### SUPPLIED INFORMATION:
━━━━

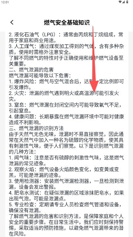 3、进入详情页上下滑动阅读完整的燃气安全知识。
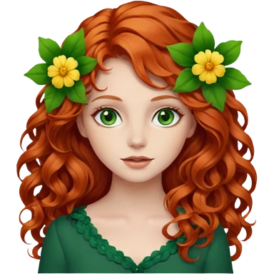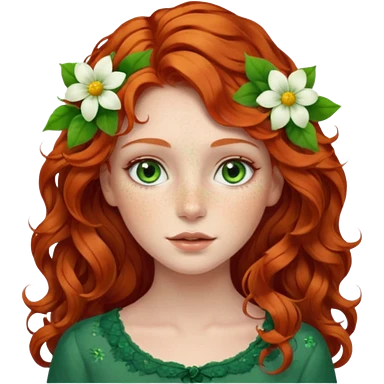 Natural redhead model, green eyes, wavy hair, flowers in hair emoji | AI Emoji Generator
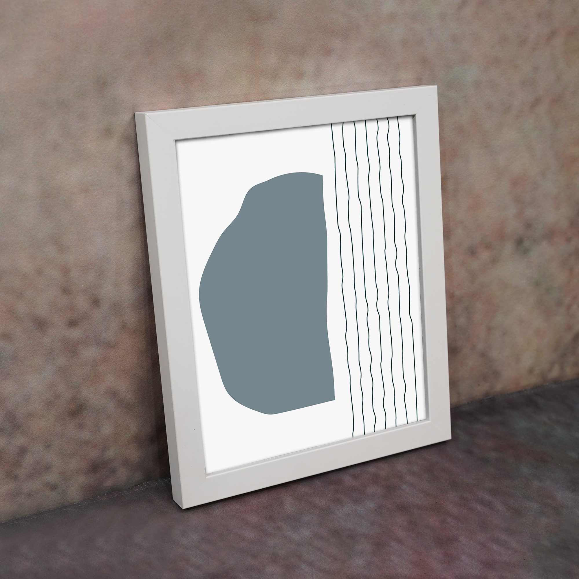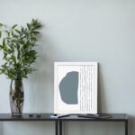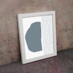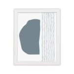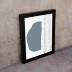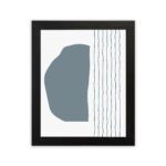 The color palette includes a soft grey-blue organic shape with thin black vertical lines on a light neutral background, giving the artwork a balanced and contemporary look. The contrast between solid form and linear detail adds visual interest while keeping the design minimal.
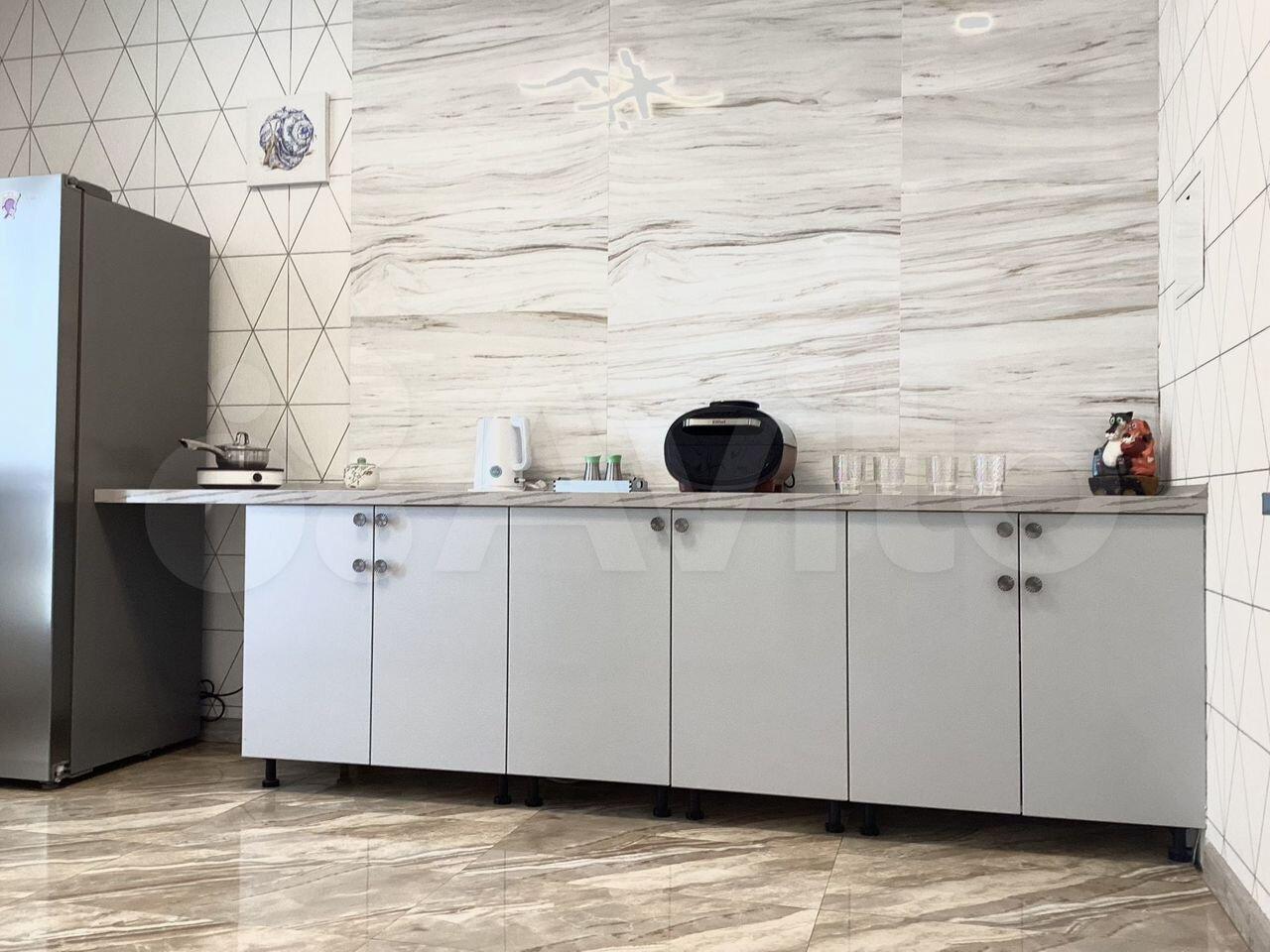 На кухне дорогая новая стиральная машина, есть отдельный кран питьевой воды с системой обратного осмоса, посудомоечная машина, кухня и холодильник из нержавеющей стали.

━━━━

Please give the data again in full, exactly as written, but without any images.

### TASK RESULT:
 3、进入详情页上下滑动阅读完整的燃气安全知识。
 Natural redhead model, green eyes, wavy hair, flowers in hair emoji | AI Emoji Generator
 The color palette includes a soft grey-blue organic shape with thin black vertical lines on a light neutral background, giving the artwork a balanced and contemporary look. The contrast between solid form and linear detail adds visual interest while keeping the design minimal.
 На кухне дорогая новая стиральная машина, есть отдельный кран питьевой воды с системой обратного осмоса, посудомоечная машина, кухня и холодильник из нержавеющей стали.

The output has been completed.